The main reason people don't do it is because incentives are everything, and university/government management set bad incentives. The article points this out too. They judge academics entirely by some function of paper citations, so academics are incentivized to do the least possible work to maximize that metric. There's no positive incentive to publish more than necessary, and doing so can be risky because people might find flaws in your work by checking it. So a lot of researchers hide their raw data or code for as long as possible. They know this is wrong and will typically claim they'll publish it but there's a lot of foot dragging, and whatever gets released might not be what they used to make the paper.

In the commercial world the incentives are obviously different, but the outcomes are the same. Sometimes companies want the ideas to be used as they compliment the core business, other times the ideas need to be protected to be turned into a core business.
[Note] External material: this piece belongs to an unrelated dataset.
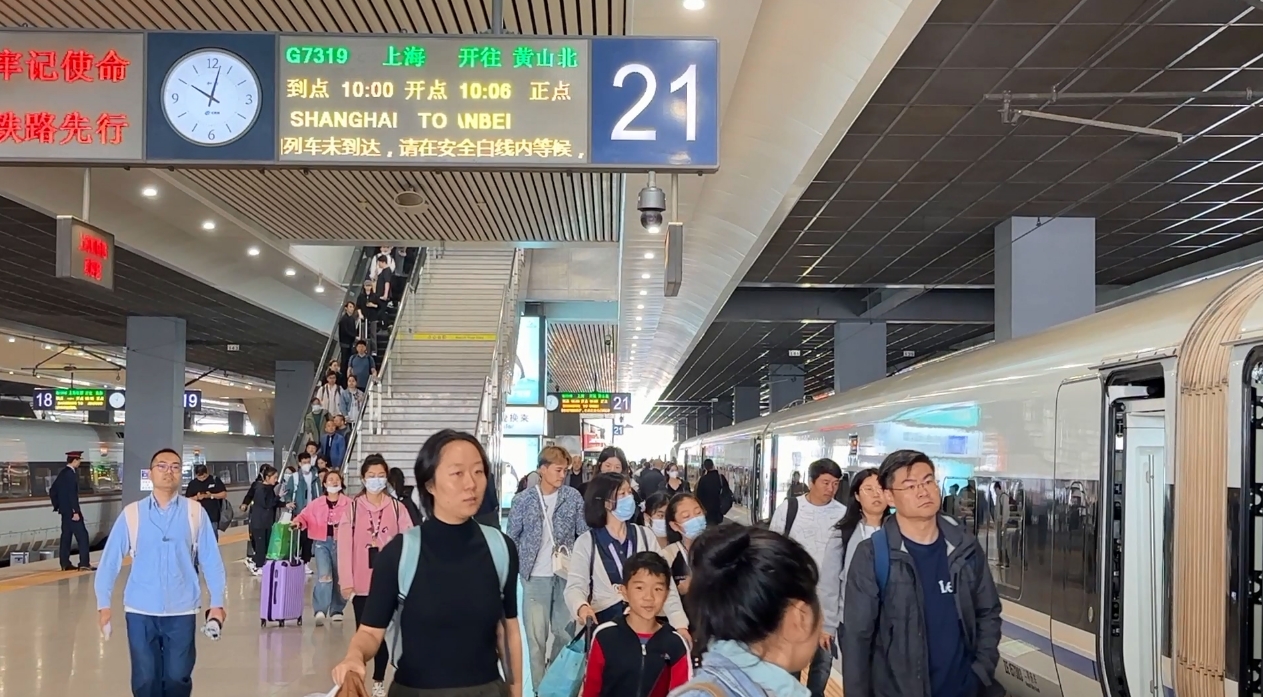 澎湃新闻记者从中国铁路上海局集团有限公司获悉,5月2日是“五一”小长假第二天,长三角铁路预计发送旅客超360万人次,客流持续处于高位运行。铁路部门在启用高峰线运行图的基础上,计划增开至广州、厦门、南昌、武汉、汉口、郑州、洛阳等方向214列旅客列车,对203列动车组列车组织重联运行,加挂普速客车133辆,全力满足假期旅客出行需要。假期旅客出行集中,铁路部门提醒旅客千万不要踩点出门,而要适当提前出门,为市内交通、进站安检等环节预留充足时间。
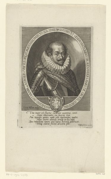 Matthias van Sommer’s engraving presents us with a portrait of Johann Gravis, Rector of Northeim, a figure of considerable societal standing. Created within a Northern European context, this portrait embodies the cultural values of the time, reflecting the subject’s status through carefully constructed visual cues. Gravis is encircled by an inscription celebrating him as a poet. His attire and composed demeanor speak to the importance of image and the performance of identity during the period. The Latin text accompanying the image positions Gravis within a classical intellectual tradition, aligning him with figures like Apollo, god of the arts and knowledge. The very act of creating and circulating such a portrait speaks to the dynamics of power and representation of the time. It prompts us to reflect on how individuals sought to shape their legacies and social standing through artistic means. What does it mean to immortalize oneself through art, and how does this reflect societal values?

People like to think academics and industrial research are very different but everyone is optimizing for some metric, whether they like it or not.

thaumasiotes · 2025-06-04T03:05:13 1749006313

> Before it can do that, I have no hope that it can produce novel ideas.

Producing novel ideas is the most famous trait of current LLMs, the thing people are spending all their time trying to prevent.

Bassilisk · 2025-06-04T06:56:15 1749020175

> Producing novel ideas is the most famous trait of current LLMs

Could you please explain what you mean or give a simple example?

SkyBelow · 2025-06-04T16:11:21 1749053481

I think they were speaking to hallucinations. That is the case of a novel idea, often one that even sounds pretty plausible to a casual observer, but which isn't useful (arguably worse than simply being useless given it can trick people) and one connected only in a superficial way (why it fools the casual observer but the expert realizes it as a hallucination).